Nice words from Obama, but the historic bond between the U.S. and the state of Israel has been shaken to it core by the Obama administration’s new “even-handed” policy toward events in the Middle East.

The most recent insight into the mindset of the Obama presidency is comments made by NASA Administrator Charles Bolden.  Bolden was in the Middle East recently, one year after President Obama traveled to Cairo to address Muslim nations’ concerns about America’s policies toward Islamic interests.

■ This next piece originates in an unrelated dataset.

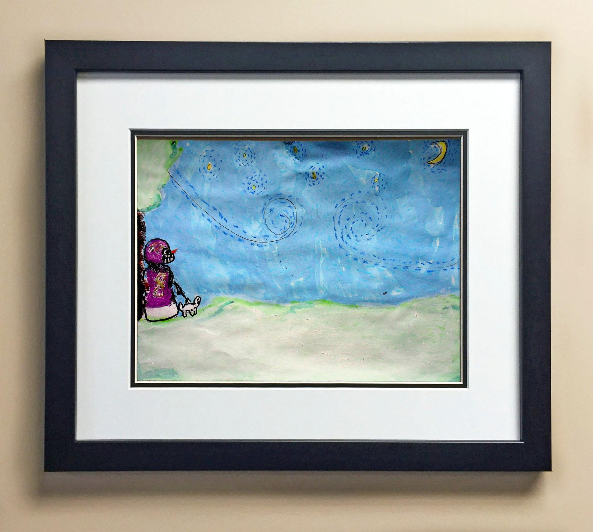 Included with the purchase is the Students Artwork, Frame, double matboard, shatter proof plexiglass, and a ready to hang backerboard with turnbuttons

But take a look at what Bolden revealed about what Obama told Bolden about his mission as the head of America’s space exploration agency:

When I became the NASA administrator, well before I became the NASA administrator, he charged me with three things. One was he wanted me to help re-inspire children to want to get into science and math; he wanted me to expand our international relationships; and third, and perhaps foremost, he wanted me to find a way to reach out to the Muslim world and engage much more with dominantly Muslim nations to help them feel good about their historic contributions to science and engineering.

Okay, it’s a good thing to encourage kids to seriously engage with the hard sciences, and there’s not much to quibble with regarding Obama’s charge to expand international relations with foreign space travel agencies.

But hold on. Obama now wants to make America’s space program a tool of his foreign policy aims?

Anyone who’s seen my Hicks File commentaries dealing with Obama’s presidency knows that I’ve been tough on him — but fairly so. I’ve not bashed him without due cause, and have occasionally complimented him when he’s done something I believe was the right thing to do — like assigning more troops to the Afghanistan war, something Stanley McChrystal, then the war’s commander, had made a case for.

But why is it NASA’s job or, by extension, America’s job to make Muslims feel good about themselves?